Items of interest that might have been missed in the press of events:

  • Coca-Cola had expanded over the past few years into coffee, tea, dairy and water in an effort to attract drinkers who were eschewing soft drinks.  The most recent report is that sales of soft drinks are rising, especially among younger drinkers, due in large part to the company’s variations on its cola namesake – there’s a diet version called Coke Zero Sugar (which has grown by 14% globally so far this year) and sales of 7.5 ounce mini cans have increased by 15%.  The company is now rolling out a coffee-flavored variant called Coca-Cola Plus Coffee and a new energy drink, Coca-Cola Energy.
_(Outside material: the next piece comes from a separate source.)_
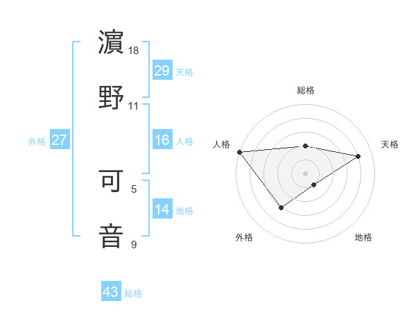 濵野 可音さんの総格は43画の2点!

  • Nestle, which is the world’s largest producer of bottled water, is in the process of overhauling its business in response to the rise of preferences for sparkling water as well as concerns about single-use plastic.  As consumers cut back on sugary soft drinks in recent years, sales of bottled water increased, but now those have slowed with consumers opting for sparkling and flavored waters which are packaged in smaller quantities.
  • Louis Vuitton, a well-known Paris brand, has built a 100,000 square foot factory in Alvarado, Texas, to make its monogrammed canvas and leather handbags for the American market.  The company is recruiting and training employees locally, no experience needed.
  • Britain’s antitrust regulator has launched a formal probe into Amazon’s investment in Deliveroo, a British delivery start-up.  The regulator could block the deal if it finds the companies have breached antitrust rules.
  • And, my favorite piece from the week’s readings is an editorial in the WSJ by Wyatt Wells, “Why ‘Strategic Plans’ Are Rarely Strategic – or Effective.”  The author states that that “effective managers can list their goals on a note card – they don’t need long recitations of bromides.”  I couldn’t agree more – my company does systemic strategy building sessions with our clients.  We never engage in what’s become a ridiculous twist on ‘strategic planning’ where cookie-cutter, 150-page documents are pumped out just so the company can check that box.